Close-up of HTML code highlighted in vibrant colors on a computer monitor.

Table of Contents

Problem Statement: Substring with Concatenation of All Words

Given a string s and a list of words words, you need to find all starting indices of substring(s) in s that is a concatenation of each word in words exactly once and without any intervening characters.

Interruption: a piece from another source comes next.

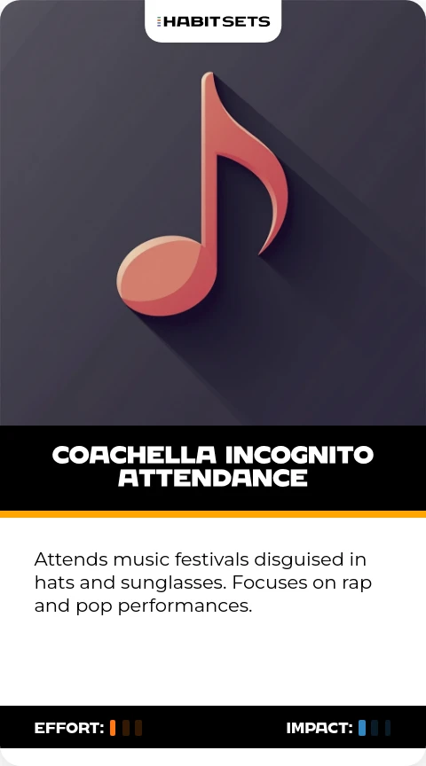 Attends music festivals disguised in hats and sunglasses. Focuses on rap and pop performances.
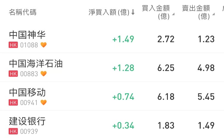 南向资金买入中国神华,沽出盈富基金

Each word in the list words has the same length. The length of the concatenated substring is the sum of the lengths of all the words, and the substring must consist of exactly one occurrence of each word from the list (in any order).

Input:

A string s of length n (1 ≤ n ≤ 10^4).
A list words containing m words. Each word is a string of length w (1 ≤ w ≤ 100).

Output:

A list of all starting indices of substrings in s that are a concatenation of all the words in words exactly once, and in any order. If no such substring is found, return an empty list.

Example:

Example 1:

Input: s = "barfoothefoobarman", words = ["foo", "bar"]
Output: [0, 9]
Explanation: The substring starting at index 0 is "barfoo", and the substring starting at index 9 is "foobar".

Example 2:

Input: s = "wordgoodgoodgoodbestword", words = ["word", "good", "best", "good"]
Output: [8]
Explanation: The substring starting at index 8 is "goodbestword".

Approach:

Word Length and Total Length:
- Each word in words has the same length w.
- The total length of the concatenated substring must be m * w, where m is the number of words in words.
Sliding Window Approach:
- Use a sliding window technique to traverse through the string s.
- For each possible starting index i (from 0 to n - m * w), extract a substring of length m * w and check if it is a concatenation of all words in words.
Word Frequency Map:
- We will maintain a frequency map of the words in words. As we slide through the string s, we’ll extract substrings of length w and check if they exist in this map and maintain a frequency count to ensure all words appear exactly once.
Efficiency Considerations:
- The sliding window size is m * w, and for each window, we perform a check of length m (number of words), which results in an overall time complexity of O(n * m), where n is the length of s and m is the number of words.

Algorithm:

Create a frequency map (word_map) of all words in words.
Iterate over all possible starting indices of the substring in s (from 0 to n - m * w).
For each starting index:
- Use a sliding window of size m * w to check if the substring matches a concatenation of words in words.
- Maintain a word_count map for the words in the current window. If the map matches the word_map, add the starting index to the result list.
Return the result list.

Code Implementation:

Python:

from collections import Counter

def findSubstring(s, words):
    if not s or not words:
        return []
    
    word_len = len(words[0])
    word_count = len(words)
    word_map = Counter(words)  # Frequency map of the words in 'words'
    result = []
    
    # Sliding window of size word_len * word_count
    for i in range(word_len):
        left = i
        right = i
        current_count = 0
        window_map = Counter()  # Map to track the current window
        
        while right + word_len <= len(s):
            word = s[right:right + word_len]
            right += word_len
            
            if word in word_map:
                window_map[word] += 1
                current_count += 1
                
                # If the word count exceeds the expected count, move left pointer
                while window_map[word] > word_map[word]:
                    left_word = s[left:left + word_len]
                    window_map[left_word] -= 1
                    current_count -= 1
                    left += word_len
                
                # If we have found all words in the window, add to the result
                if current_count == word_count:
                    result.append(left)
            else:
                # Reset the window if the word is not in the words list
                window_map.clear()
                current_count = 0
                left = right
    
    return result

Explanation:

Step 1: We start by creating a frequency map (word_map) of the words in the list words using Counter.
Step 2: The sliding window is used to move through the string. We try every possible start index (i from 0 to word_len - 1), and slide a window of size m * w.
Step 3: For each word in the window, we check if it exists in the word_map and maintain a counter for the words in the window (window_map). If the count of any word exceeds the expected frequency, we move the left pointer to adjust the window.
Step 4: If the window contains exactly all the words in words (in any order), we add the starting index of the window to the result list.
Step 5: Return the result list containing all valid starting indices.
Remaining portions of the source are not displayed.